Dal 1976 la Lake Superior state university, una piccola università del Michigan, stila una lista annuale delle “parole da mettere al bando perché usate male, troppo usate o inutili”. Sul sito dell’Independent, il giornalista e commentatore politico John Rentoul aggiorna regolarmente la sua Banned list, la lista degli stereotipi linguistici e dei neologismi che non sopporta. La settimana scorsa Ben ­Greenman, il responsabile dell’agenda culturale del New Yorker, ha chiesto ai lettori del settimanale di segnalare via Twitter una parola che vorrebbero eliminare dalla lingua inglese “per i motivi più vari: uso eccessivo, confusione etimologica, bruttezza”.
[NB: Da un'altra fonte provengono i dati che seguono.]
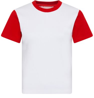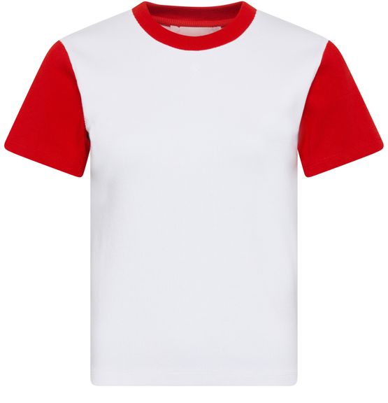 • Description : T-shirt manches courtes, col rond, bords-côtes, revers apparents, coupe ajustée.
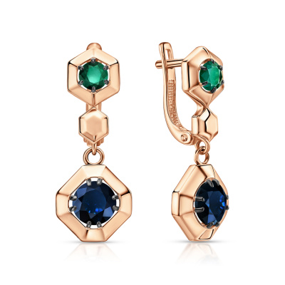 Серьги с 2 сапфирами синтетическими, 2.03 карат; 2 гидротермальными изумрудами, 0.44 карат; Розовое золото 585 пробы.

In poche ore ha ricevuto migliaia di proposte: “Se eliminassimo tutte le parole indicate dai nostri lettori, non ci sarebbero più parole”, ha osservato. “Quando la febbre del divieto attecchisce, può essere difficile contrastarla”, ha commentato lo scrittore ed editor irlandese Stan Carey sul suo blog. E il rischio è che degeneri in compiaciuta pedanteria. Lo sa bene l’Economist, che nella sua guida di stile distingue tra “luoghi comuni”, “parole orrende” e “parole del gergo giornalistico”. Ma prima di tutto invita a diffidare dei divieti.